In summary, the tools of metagenomics offer many openings into a broadened view of the rhizosphere in general and of PGPR and their activities in particular. Several existing assays for PGPR activity have been listed here and proposed to have immediate utility for the screening of large-insert DNA libraries for gain-of-function phenotypes. The discovery of novel PGPR activities, either by functional screening or based on DNA sequence information, will add enormously to our understanding of the mechanistic variation that exists in PGPR phenotypes.
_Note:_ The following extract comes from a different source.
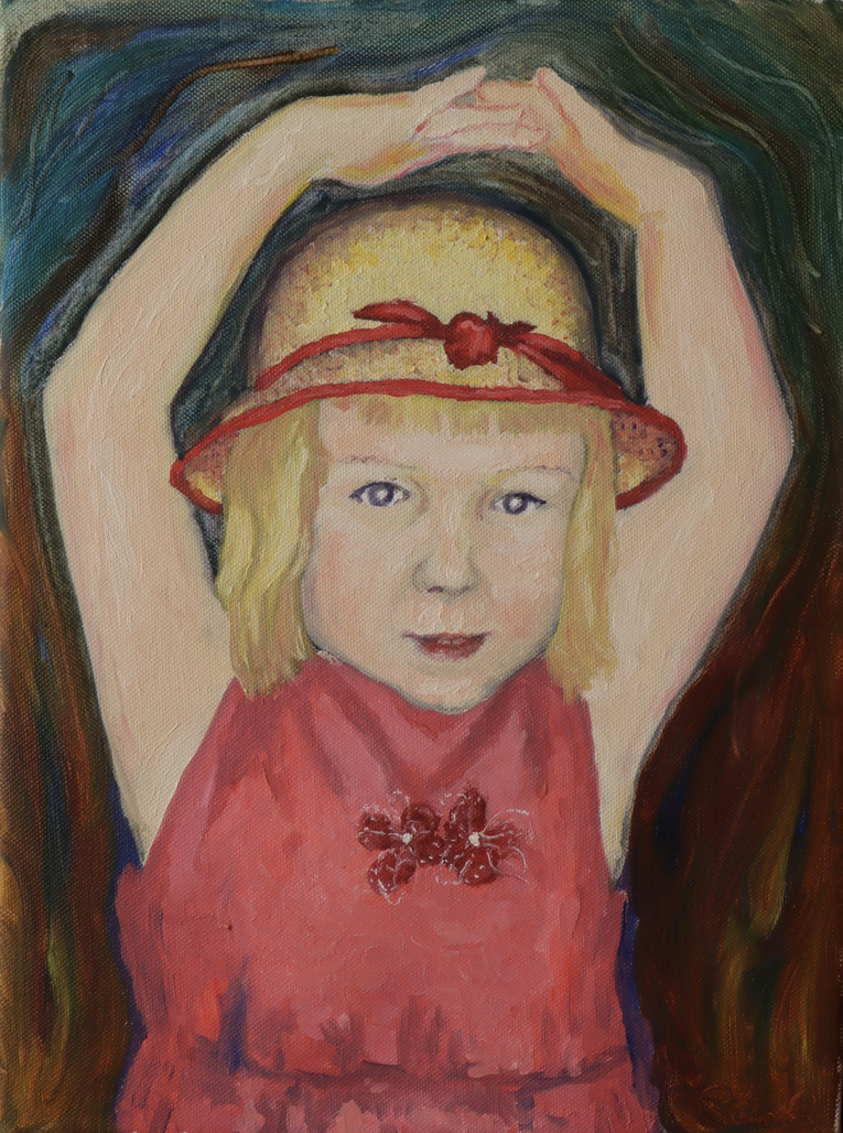 Þessi var unnin með myndinni Hjá ömmu og er af sömu stærð 30×40 máluð á striga með olíumálningu. Berglind Björk dansar hér glöð með hatt. Lauk við myndina haustið 2020.
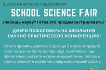 16 марта в Школе прошла научно-практическая конференция. Было представлено более 25 проектов! Мы благодарим всех ребят за активное участие в Школьной ярмарке идей, за творческий подход к представлению материалов исследований и увлекательные научные дискуссии! Представляем результаты! В составе комиссии работали учителя нашей Школы и ученики-победители прошлого года. По итогам обсуждения были отмечены несколько работ и принято решение об издании сборника тезисов работ всех участников Конференции! От всей души поздравляем победителей!

It will also benefit our ability to improve existing PGPR, by adding to the pool of exploitable PGPR genes and utilization of this pool to develop PGPRs with enhanced performance (Downing and Thomson 2000; Glick and Bashan 1997; Holguin and Glick 2003; Timms-Wilson et al. 2004). The use of metagenomics in parallel with established or novel molecular approaches to the study of PGPR, such as genome sequencing of new PGPR isolates (Jeong et al. 2006) and transcriptional profiling of PGPR (Mark et al. 2005; Wang et al. 2005) will undoubtedly lead to the discovery of novel mechanisms of PGPR activity, new types of PGPR identity and a fresh look on the biology and practical application of PGPR.